Where do your premium dollars go?

How’s this for an understatement: Healthcare is expensive.

Just how expensive is it?

According to the Centers for Medicare and Medicaid Services (CMS), in 2020, the U.S. spent $4.1 trillion — or $12,530 per person—on healthcare. That’s 19.7 percent of the Gross Domestic Product (GDP), meaning we’ve now reached the point where nearly one of every five dollars in the U.S. is spent on healthcare. What’s more, the U.S. outspends other industrialized nations on healthcare, devoting nearly twice as much of its GDP compared to similar countries.

At Blue Cross and Blue Shield of Kansas, we have a responsibility to make sure our members receive affordable, quality healthcare coverage. Our job is to strike a balance: providing members with access to high quality healthcare, while doing everything we can do contain costs. We believe that smarter spending—not more spending—leads to better health, and overall, healthier communities.

How your premium dollars are spent

The chart below shows what happens with premium dollars paid to Blue Cross and Blue Shield of Kansas. As you can see, the bulk of the premium dollar — 87.7 cents — is used to pay claims to doctors, clinicians, hospitals and pharmacists who provide services to our members.

Source: Blue Cross and Blue Shield of Kansas, 2021

Claims: 87.7 cents

Most of your premium is used to pay claims to hospitals, physicians and other healthcare providers on your behalf. Here’s how that breaks down:

  • 40.1 cents is paid to hospitals, facilities and other institutions
  • 25.6 cents is paid doctors, specialists and other healthcare providers
  • 19.2 percent is paid for prescription drugs
  • 2.8 percent is paid for dental claims

Every year, 17 million plus claims are submitted to Blue Cross and Blue Shield of Kansas. To contain claims costs, Blue Cross and Blue Shield of Kansas has built a strong network and market presence in the state.

Nearly one million Kansans carry a Blue Cross and Blue Shield card. That’s one out of every three people in the state. In addition, over 96% of all providers participate in our provider networks, including 99% of all doctors and 100% of the hospitals. We negotiate savings with these doctors and hospitals to save you money. These savings are passed onto our customers in the form of lower premiums.

How premium dollars work: For any insurance to work, there must be enough premium dollars ready to pay claims. Premiums reflect the overall risk level of members within a given “pool” or set of insurance policies. Thus, the risk of someone needing extensive medical care is spread among members. Premium rate increases affect everyone, even those who don’t use their benefits frequently.

Operating expenses: 11.2 cents

Operating expenses are the cost of doing business, such as processing claims, handling member inquiries, maintaining computer systems, protecting consumers from fraud, and supporting our employees.

Blue Cross and Blue Shield of Kansas is continuously working to keep operating expenses in check. We’re constantly improving our internal processes to streamline work, cut administrative costs, and strip out work that has no customer value.

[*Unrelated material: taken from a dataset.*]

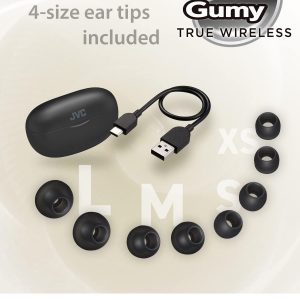 JVC New Gumy True Wireless Earbuds Headphones, Long Battery Life (up to 24 Hours), Sound with Neodymium Magnet Driver, Water Resistance (IPX4) – HAA7T2B (Olive Black), Compact

For example, in 2020 we completed the launch of a years-long initiative called the Beacon program. It consolidated data for employer groups, members and benefits from multiple platforms into one. Ultimately, it reduced complexity, risk and cost, while creating efficiencies, and ultimately helping us keep our operating costs in check.

Taxes: 1.4 cents

All businesses pay federal and state taxes, and health insurers are no different. Taxes include premium tax paid to the Kansas Insurance Department and fees attributed to the Affordable Care Act (ACA). There are also a number of taxes and fees that are specific to health insurance products and – like all taxes and fees on insurers – are built into premiums.

Policyholders’ reserves: 0 cents
Policyholder reserves represents our cumulative earnings, which we keep in the company to pay future claims and support operations. Because BCBSKS experienced a slight underwriting loss in 2021, no money was added to the policyholders’ reserves. The underwriting loss was expected and was related to COVID-19 expenses and policies in place to ensure our members didn’t have that extra burden of worrying about paying for testing, vaccination and/or treatment during the pandemic.

Blue Cross and Blue Shield of Kansas seeks a very small contribution to policyholders’ reserves each year. Contrast that to a publicly traded company whose goal is to maximize profits for shareholders. Most for-profit insurers seek a six to eight percent profit margin. Blue Cross and Blue Shield of Kansas, on the other hand, works hard to be sure every dollar we make goes to the benefit of our customers.

Smarter spending for better health

So, what is Blue Cross and Blue Shield of Kansas doing to contain the cost of healthcare? Here are just a few of our major initiatives to help keep costs in check while keeping our members healthy:

  • Disease management programs to help support and care for members with costly chronic conditions such as asthma, diabetes, COPD, heart disease, high blood pressure and high cholesterol.
  • Case management for complex or long-term care. Our case management team works closely with members who have complex, long-term health conditions. Case managers coordinate care to provide the most cost-effective options, while improving quality of life and providing peace of mind.
  • Spotting healthcare fraud and abuse. Healthcare fraud leads to higher premiums and increased out-of-pocket costs. We are continuously working to investigate and reduce the incidence of fraud, and eliminating waste and abuse.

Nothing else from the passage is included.